Explaining ontogenetic shifts in root-shoot scaling with transient dynamics.

Annals of botany

PubMedID: 24989785

Lohier T, Jabot F, Meziane D, Shipley B, Reich PB, Deffuant G. Explaining ontogenetic shifts in root-shoot scaling with transient dynamics. Ann Bot. 2014;.
Simple models of herbaceous plant growth based on optimal partitioning theory predict, at steady state, an isometric relationship between shoot and root biomass during plant ontogeny, i.e. a constant root-shoot ratio. This prediction has received mixed empirical support, suggesting either that optimal partitioning is too coarse an assumption to model plant biomass allocation, or that additional processes need to be modelled to account for empirical findings within the optimal partitioning framework. In this study, simulations are used to compare quantitatively two potential explanations for observed non-isometric relationships, namely nutrient limitation during the experiments and initial developmental constraints.

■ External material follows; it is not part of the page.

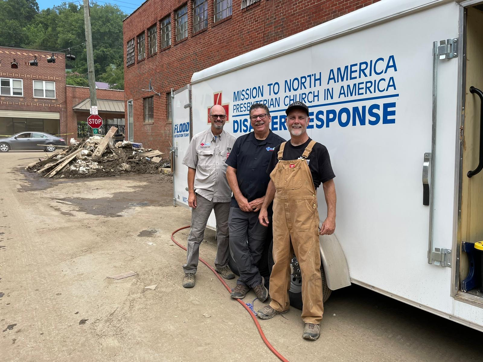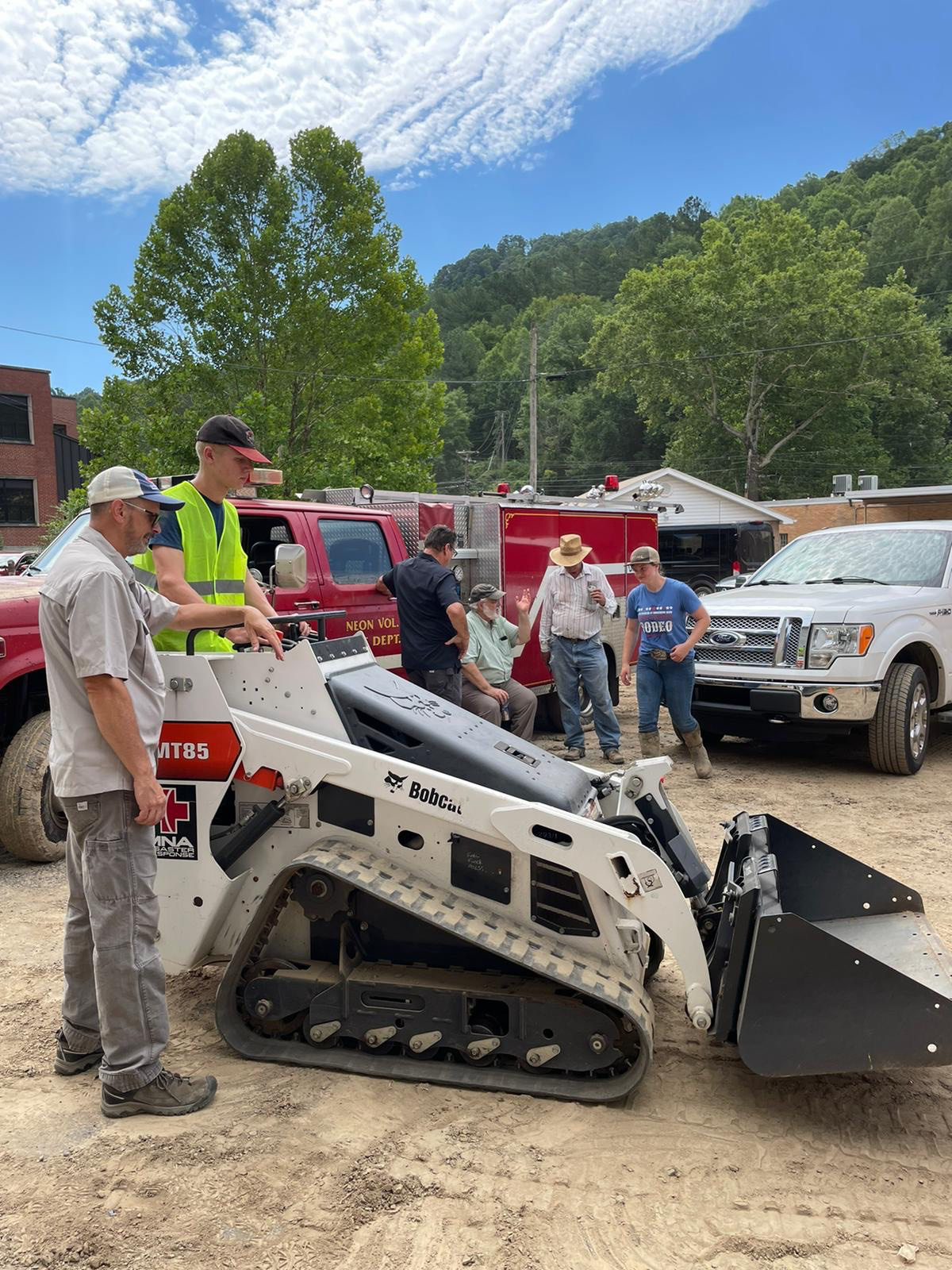 As the Orthodox Presbyterian Church’s (OPC) disaster response team began its work in Neon, MNA Disaster Response Director, Arklie Hooten, reached out to OPC Disaster Response Coordinator, David Nakhla, with offers to help in any way possible. On August 3, MNA Disaster Response sent three staff members, Arklie Hooten (Director), Marty Huddleston (Logistics Specialist), and Mike Kennamer (Warehouse Manager) to Neon to deliver a mud out trailer and a mini-track loader, along with a trailer and associated implements. Arklie Hooten trained local church members and volunteers to operated the mud out trailer, which includes pressure washers, water tanks, and other equipment for flood remediation. Mike Kennamer trained the local team to operate a Bobcat mini track loader and to safely change implements and load and unload from the trailer.

A simple plant growth model was built to simulate the growth of herbaceous species, based on optimal partitioning theory combined with empirically measured plant functional traits. Its ability to reproduce plant relative growth rate and final root weight ratio was assessed against previously published data. Predicted root-shoot ratios during plant ontogeny were compared with experimental observations. The effects of nutrient limitation and initial developmental constraints on root-shoot ratios were then tested.

The model was found to reproduce overall plant growth patterns accurately, but failed, in its simplest form, at explaining non-isometric growth trajectories. Both nutrient limitation and ontogenetic developmental constraints were further shown to cause transient dynamics resulting in a deviation from isometry. Nitrogen limitation alone was not sufficient to explain the observed trajectories of most plant species. The inclusion of initial developmental constraints (fixed non-optimal initial root-shoot ratios) enabled the reproduction of the observed trajectories and were consistent with observed initial root-shoot ratios.

This study highlights the fact that considering transient dynamics enables theoretical predictions based on optimal partitioning to be reconciled with empirically measured ontogenetic root-shoot allometries. The transient dynamics cannot be solely explained by nutrient limitation during the experiments, pointing to a likely role for initial developmental constraints in the observed non-isometric growth trajectories.